Repeat, word for word and with nothing added, each line from the one containing "- It is different" to the final line of the data, keeping both ends. Pictures are not part of the copy.

→ **Data section**:
________________

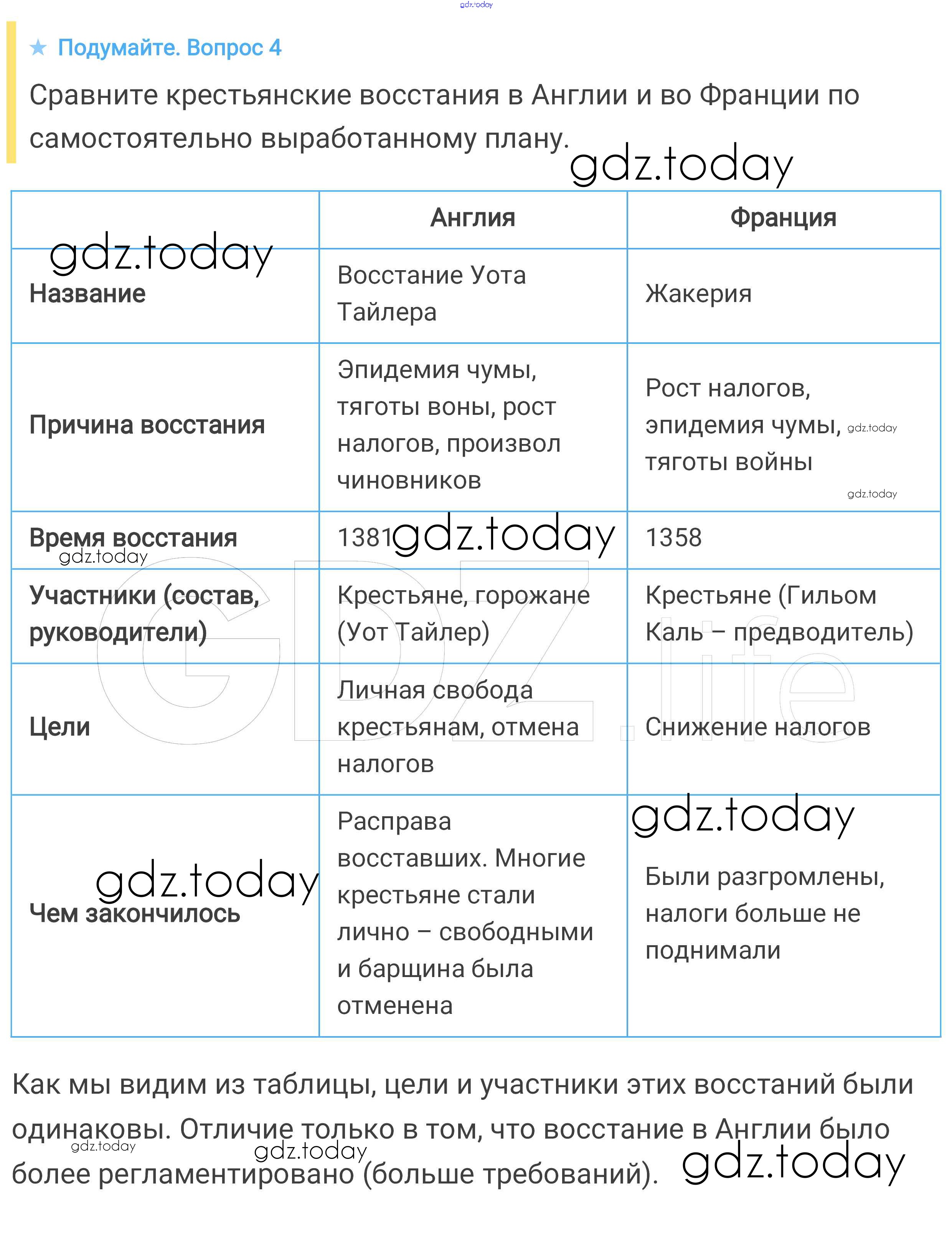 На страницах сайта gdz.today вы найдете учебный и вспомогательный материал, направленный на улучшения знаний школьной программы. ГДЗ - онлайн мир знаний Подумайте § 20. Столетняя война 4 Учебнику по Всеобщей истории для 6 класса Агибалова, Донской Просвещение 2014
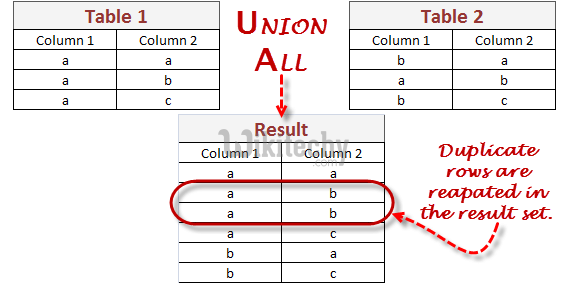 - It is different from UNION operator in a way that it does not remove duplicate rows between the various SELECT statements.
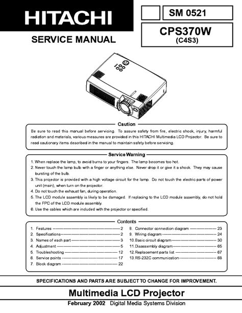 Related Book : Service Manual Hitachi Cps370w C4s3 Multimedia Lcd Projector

________________

→ **Solved exercise**:
 - It is different from UNION operator in a way that it does not remove duplicate rows between the various SELECT statements.
 Related Book : Service Manual Hitachi Cps370w C4s3 Multimedia Lcd Projector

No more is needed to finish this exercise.